Fri Nov 21 12:19:11 EST 2008

On November 21, 2008 11:39:33 am Phil Longstaff wrote:
> OK.  I have modified code (not committed yet) which doesn't read tx/splits
> at startup.
>
> At startup, it executes:
>
> SELECT account_guid, reconcile_state, sum(quantity_num) AS quantity_num,
> quantity_denom FROM splits GROUP BY account_guid, reconcile_state,
> quantity_denom
>
> This gives me 1 row per guid/reconcile_state/quantity_denom triplet.  From
> these, I set the start balance, start cleared balance and start reconciled
> balance for each account.
>
> When the backend receives a query to load splits for an account, it uses
> this algorithm:
>
> 1: save start and end balance, cleared balance and reconciled balance for
> each account
> 2: stop qof events
> 3: load all transactions which contains splits for the target account. 
> This loads all splits for those transactions, even those in other accounts.
> 4: for each account, get new end balances.  If end balance doesn't match
> end balance from step 1, calculate old_start_balance-(new_end_balance-
> old_end_balance) and set this as the new start balance.
> 5: resume qof events
>
> IOW, if the end balance for an account increases by X because of newly
> loaded splits, step 4 decreases the start balance by X to make the end
> balance match what is should be.  Eventually, once all tx/splits are
> loaded, all start balances are 0.
>
> Each account that is the target of a query for all splits is marked so that
> it's splits are never reloaded.  Done as a performance improvement but
> would need to be revisited for a multi-user back end.
>
> I need a bit more testing, but once I'm happy with this, I'll commit it. 
> It does lead to a delay when opening an account with a lot of splits.  I
> may look at adding a progress bar or other indication that the app is busy.
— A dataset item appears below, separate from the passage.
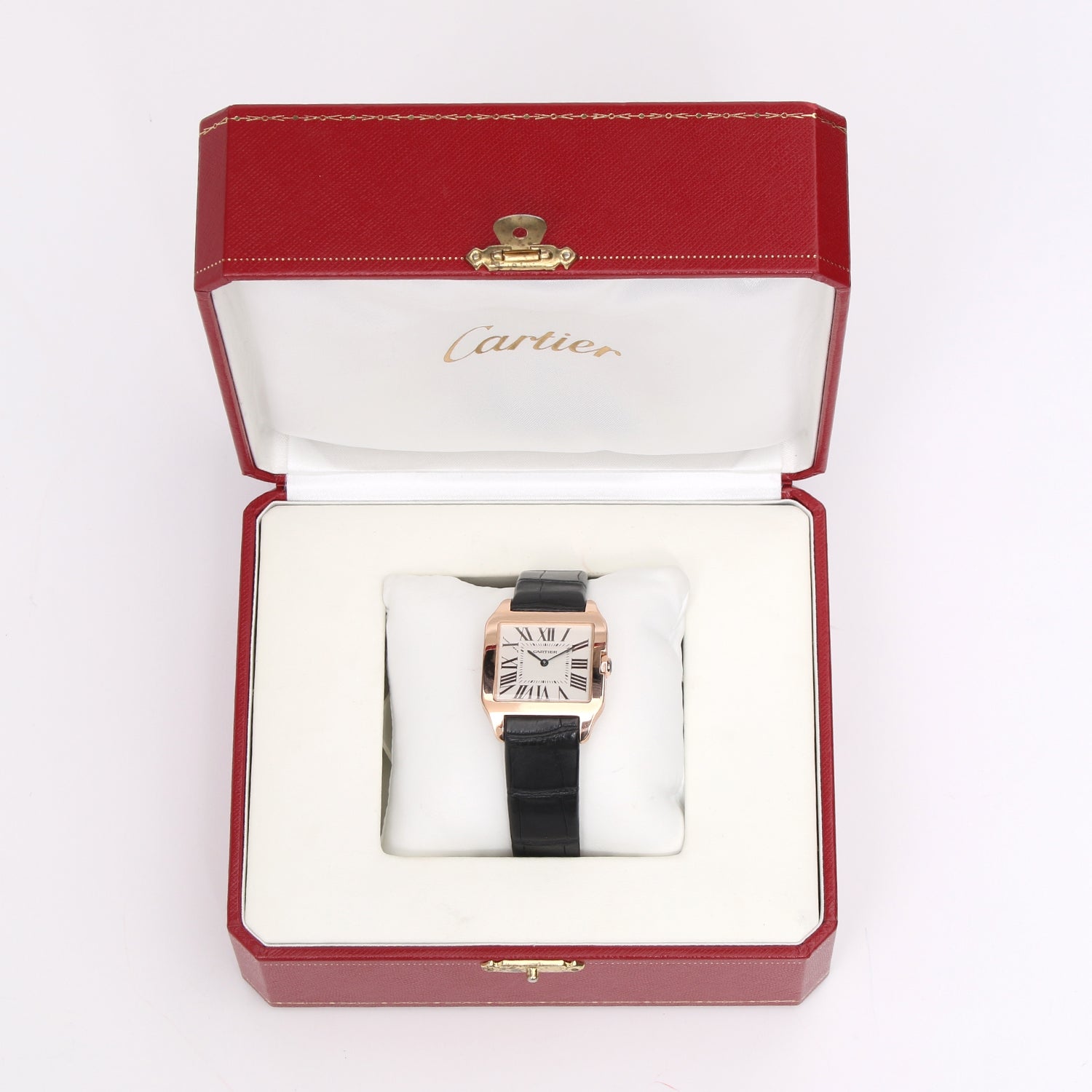 Cartier Santos Ladies Dumont Quartz, 18k Rose Gold, W2009251 - Quartz. 18k rose gold square case (30 mm x 39 mm) diameter. Silver Dial with Roman numerals. Black alligator strap with 18k rose gold deployant style buckle. Pre-owned with Cartier box.

BTW, when I was testing this, I had a printf() telling me each time a split 
query was done for an account.  When I ran an income statement, it queried 
each expense and income account twice, then repeated that, so that each 
account was queried 4 times.  I know someone was looking at report performance 
earlier.  Might there be more opportunies to improve performance by cutting 
out duplicate queries?  Of course, for a report, adding a mechanism to 
calculate values in the db engine would be even better, but this is off in the 
future.

Phil